A motor drives a $20$ -tooth pinion at $1500\,\text{rev/min}$ with an input torque of $2.0\,\text{N m}$ . It meshes with a $60$ -tooth gear. Assuming an ideal train, find the gear ratio, the output speed and the output torque, and state the direction.

Gear ratio:

GR = \frac{T_{out}}{T_{in}} = \frac{60}{20} = 3.0

This is a $3:1$ reduction.

Output speed:

N_{out} = \frac{N_{in}}{GR} = \frac{1500}{3.0} = 500\,\text{rev/min}

Output torque (ideal, power conserved):

\tau_{out} = \tau_{in} \times GR = 2.0 \times 3.0 = 6.0\,\text{N m}

The output shaft turns at $500\,\text{rev/min}$ in the opposite direction to the input, delivering $6.0\,\text{N m}$ . The speed dropped by a factor of three and the torque rose by the same factor, confirming power is conserved: $2.0 \times 1500 = 6.0 \times 500$ .

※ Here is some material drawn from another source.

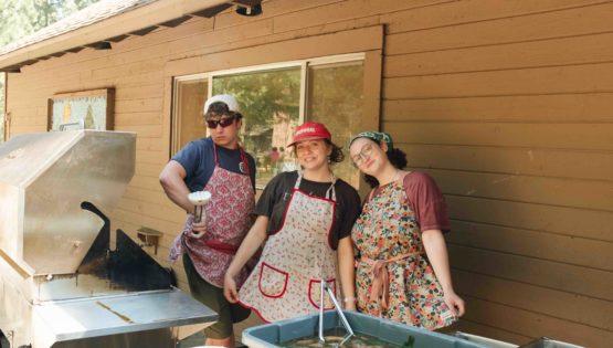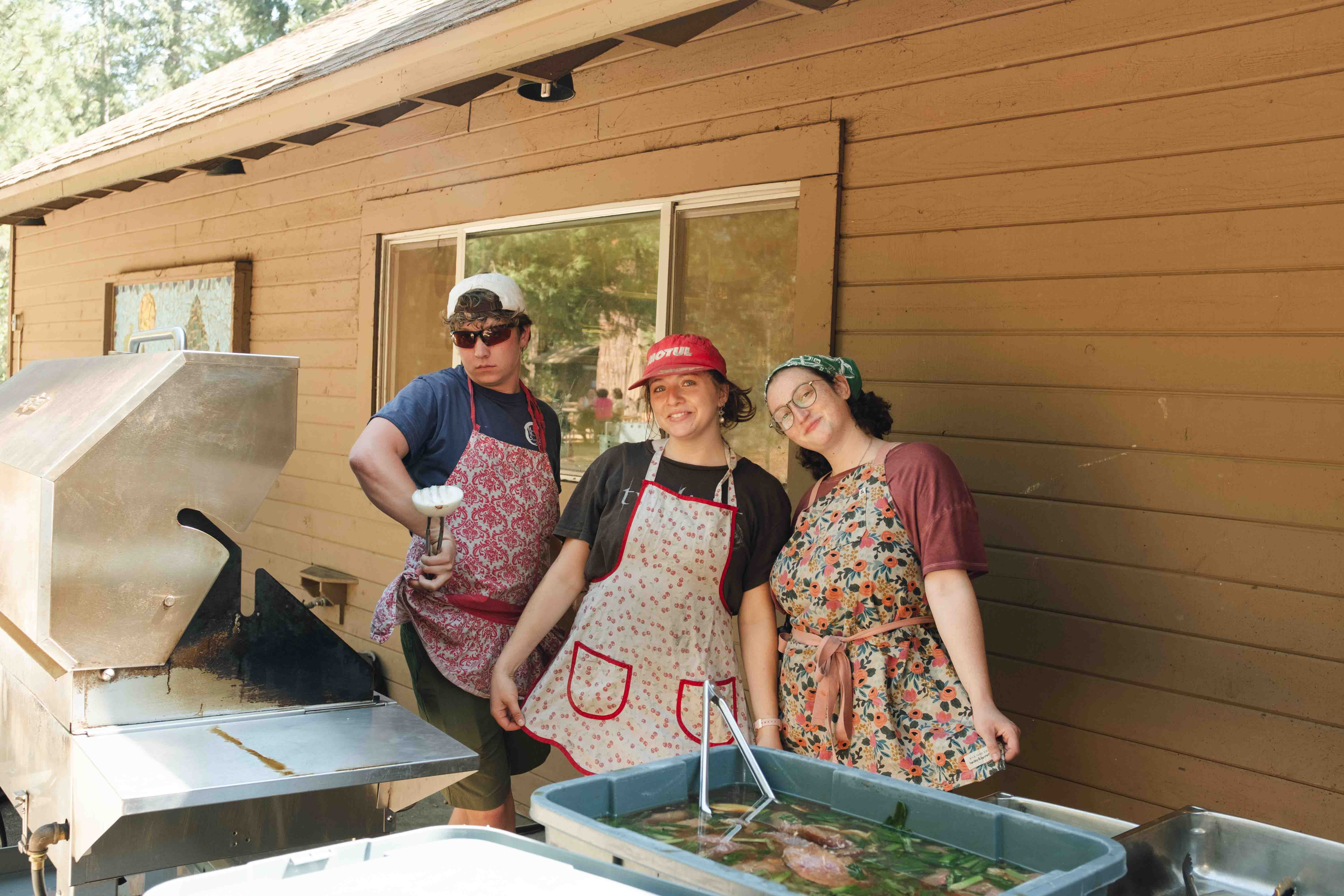 Staff members, (left to right) Sam, Roxy and Grace grilling for International Dinner!

Why this matters for machine control

Gear trains are how engineers match a power source to a load. An electric motor runs efficiently at high speed and low torque; a wheel, a conveyor or a robot joint usually needs the opposite. The gearbox converts one to the other. Choosing the gear ratio sets the machine's final speed and the force it can deliver, which is a central design decision in the Unit 4 engineered solution.

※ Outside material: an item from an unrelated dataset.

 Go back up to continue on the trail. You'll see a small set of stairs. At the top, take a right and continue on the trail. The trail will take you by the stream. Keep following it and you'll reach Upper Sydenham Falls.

Exam-style practice questions

Practice questions written in the style of QCAA exam questions on this dot point, with worked answer explainers. The year tag is the paper they imitate, not the source.

2023 QCAA5 marksExplain how the gearing system on a bicycle provides a mechanical advantage to a cyclist moving up an incline, and the system's effect on the work done on the pedals. Sketch the mechanical components involved to support your response.

Show worked answer →

Five marks: roughly two for the sketch and three for the explanation linking gear ratio, mechanical advantage and work.

Sketch: the front chainring (driver) connected by a chain to the rear sprocket (driven) on the wheel hub, with the pedal crank on the chainring [marks for a labelled chain drive].

Mechanical advantage going up an incline: the cyclist selects a low gear, a small front chainring driving a large rear sprocket. The gear ratio (driven teeth divided by driver teeth) is greater than 1, a reduction, so the turning force (torque) delivered to the wheel is multiplied. This makes it easier to push the bicycle and rider up the incline against gravity, which is the mechanical advantage.

Effect on work done on the pedals: gears change the trade-off between force and distance, not the total energy. Because torque is multiplied, the wheel turns fewer times for each turn of the pedals, so the cyclist must pedal through more rotations (and a greater distance) to climb the hill. The work done on the pedals equals the work delivered to the wheel (ideally), so the lower gear spreads the same work over more, easier pedal strokes rather than reducing the total work needed.